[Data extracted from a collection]
□ □ □

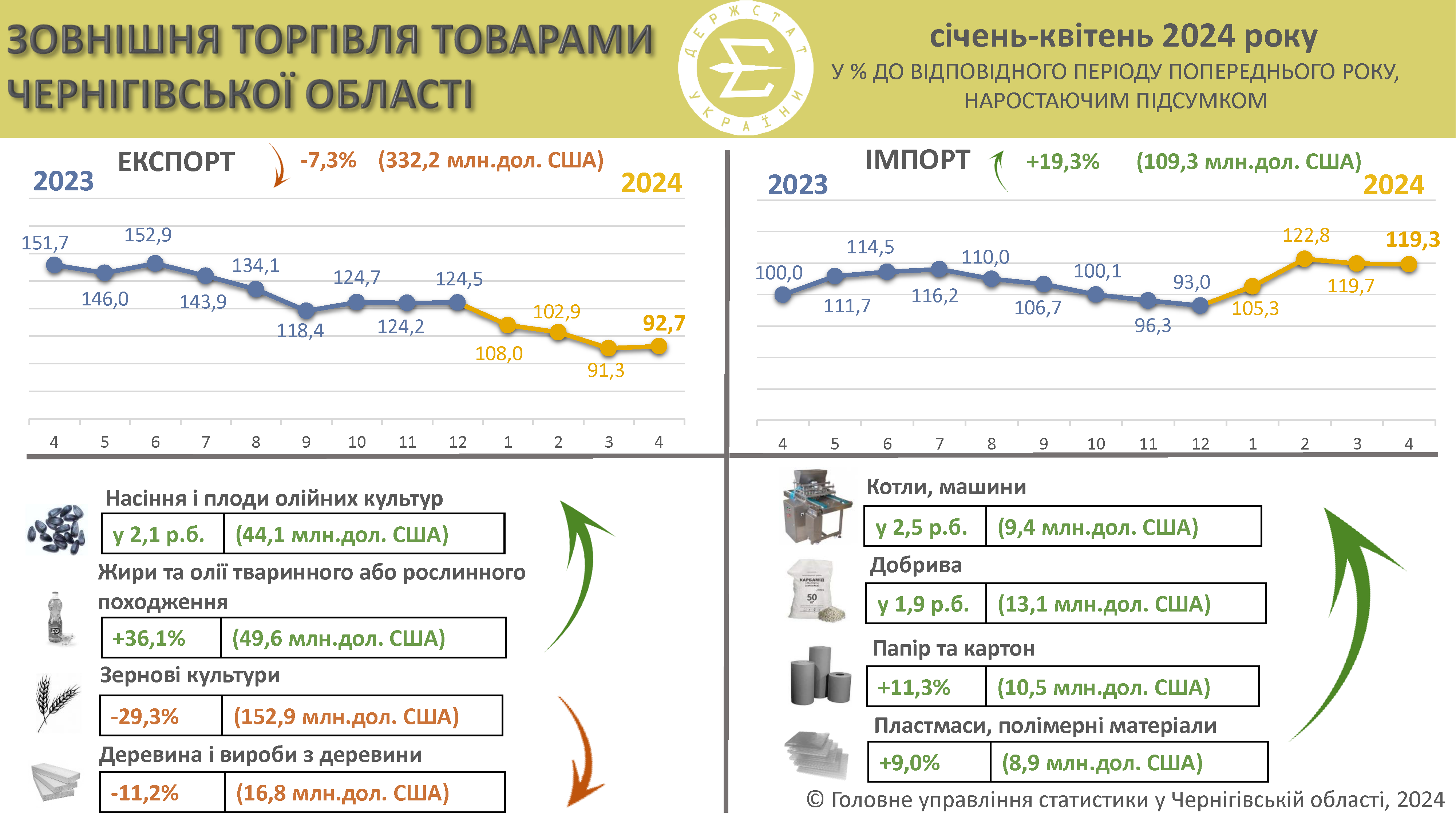 Зовнішня торгівля товарами Чернігівської області в січні-квітні 2024 року
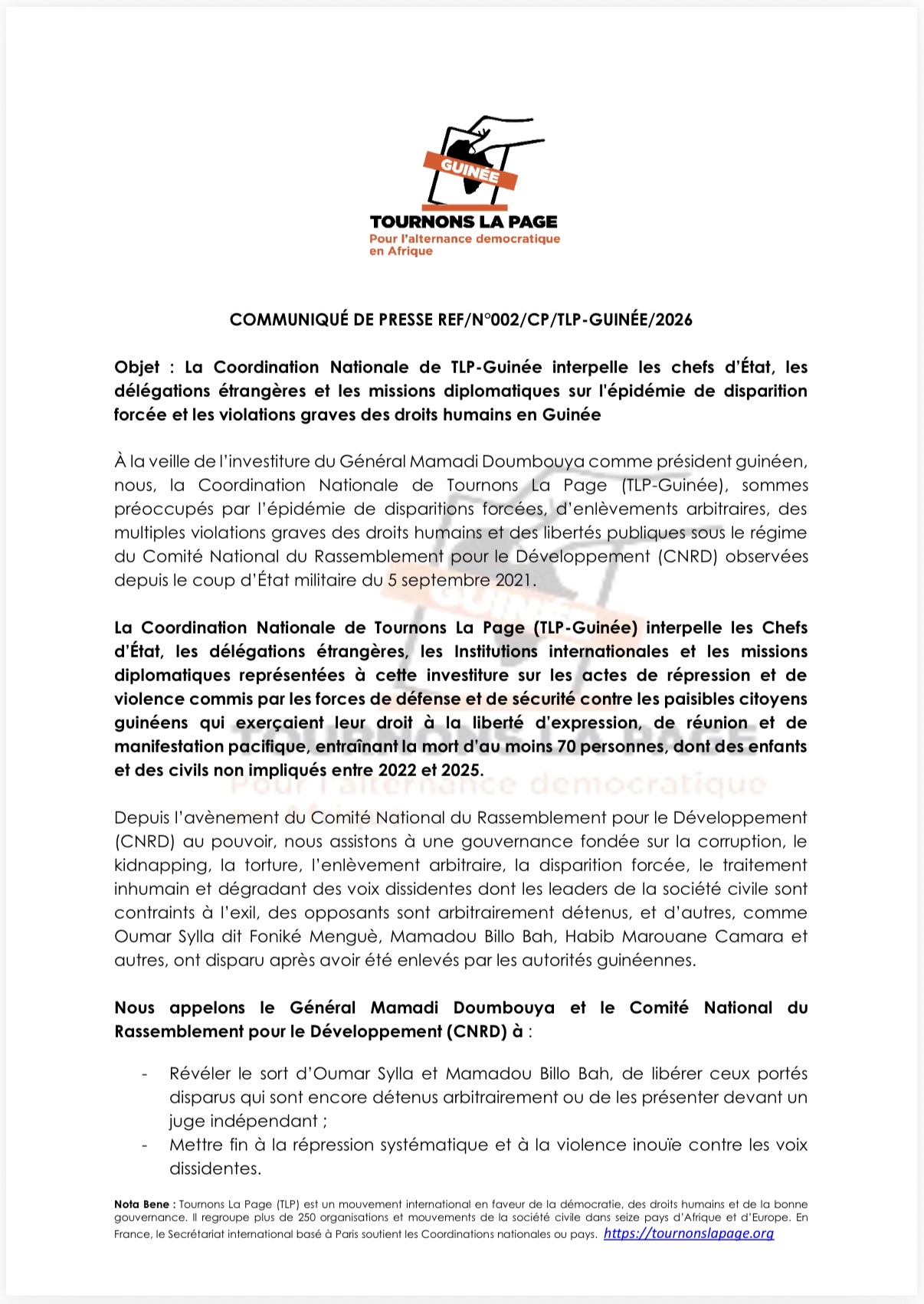 À la veille de l’investiture du Général Mamadi Doumbouya comme président guinéen, nous, la Coordination Nationale de Tournons La Page (TLP-Guinée), sommes préoccupés par l’épidémie de disparitions forcées, d’enlèvements arbitraires, des multiples violations graves des droits humains et des libertés publiques sous le régime du Comité National du Rassemblement pour le Développement (CNRD) observées depuis le coup d’État militaire du 5 septembre 2021.
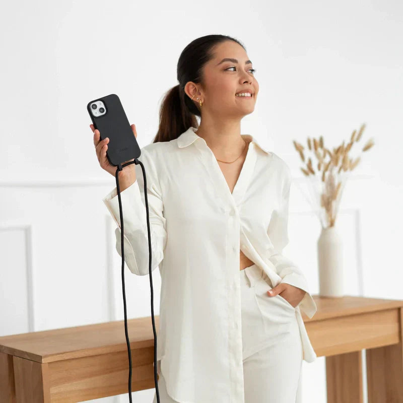 The practical 2 in 1 iPhone 15 Pro Max necklace case with replaceable cord! The smart click system allows you to change or remove the cord in seconds! The innovative material made from plant materials and the OEKO-TEX® cord not only protect your iPhone but also the environment!
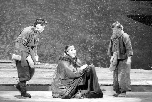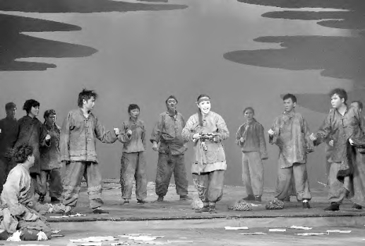 相对于萧红的《生死场》,评剧《我那呼兰河》的故事构架与情节设计明亮了很多,整部戏一扫原著的阴郁,鲁迅对萧红《生死场》的评价“北方人民的对于生的坚强,对于死的挣扎,却往往已经力透纸背”在这部戏中体现得更加明丽。萧红的原著更多的是对东北底层民众的痛苦生活的原生态呈现,小说中的人物“蚁子似地生活着,糊糊涂涂地生殖,乱七八糟地死亡,用自己的血汗自己的生命肥沃了大地,种出粮食,养出畜类,勤勤苦苦地蠕动在自然的暴君和两只脚的暴君底威力下面”(胡风语)。而在评剧《我那呼兰河》中,人物的行为都是有前因后果的,人物关系是逻辑明显的,比如,戏中将金枝改编成王婆的女儿,增加了王婆与赵三的爱情戏,美化了成业,删去了麻面婆等不必要的人物,使得人物关系更加简洁明了,而戏剧内部所呈现的精神特质比之原著也更加向上、更加具有因果性,改变了原著的原生态呈现形式。这样改编的优点是戏剧性加强了,但原著的自由呈现形式中的散射的生活原态所能指示的更多的内在意蕴也就消失了。当然,这并不是说评剧的内在意蕴狭小,而是说,这样一改就更符合戏曲的特点,符合戏曲的呈现特点,便于舞台呈现,获得了一种戏曲呈现的特质:更加戏剧性、明丽、畅快。
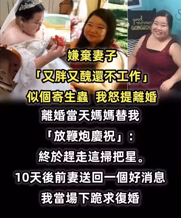 嫌棄妻子「又胖又丑還不工作」似個寄生蟲,我怒提離婚,離婚當天媽媽替我「放鞭炮慶祝」:終於趕走了這個掃把星。10天後前妻送回一個好消息,我當場下跪求復婚
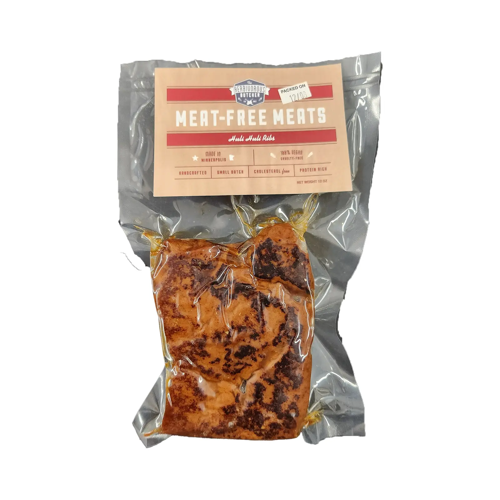 INGREDIENTS: Huli Huli Marinade (Water, Pineapple Juice, Soy Sauce, Brown Sugar, Sesame Oil, Spice), Vital wheat gluten, Pineapple juice, Water, Soy Sauce, Brown Sugar, Less than 2% of: Nutritional Yeast, Chickpea Flour, Tapioca Flour, Spice, smoked paprika allergens – wheat, soy, sesame

□ □ □

Begin at the line with "嫌棄妻子「又胖又丑還不工作」" and retype exactly every line through the last one of the entries above, both included, and nothing more; pictures stay out.

▶ _Finished exercise_:
 嫌棄妻子「又胖又丑還不工作」似個寄生蟲,我怒提離婚,離婚當天媽媽替我「放鞭炮慶祝」:終於趕走了這個掃把星。10天後前妻送回一個好消息,我當場下跪求復婚
 INGREDIENTS: Huli Huli Marinade (Water, Pineapple Juice, Soy Sauce, Brown Sugar, Sesame Oil, Spice), Vital wheat gluten, Pineapple juice, Water, Soy Sauce, Brown Sugar, Less than 2% of: Nutritional Yeast, Chickpea Flour, Tapioca Flour, Spice, smoked paprika allergens – wheat, soy, sesame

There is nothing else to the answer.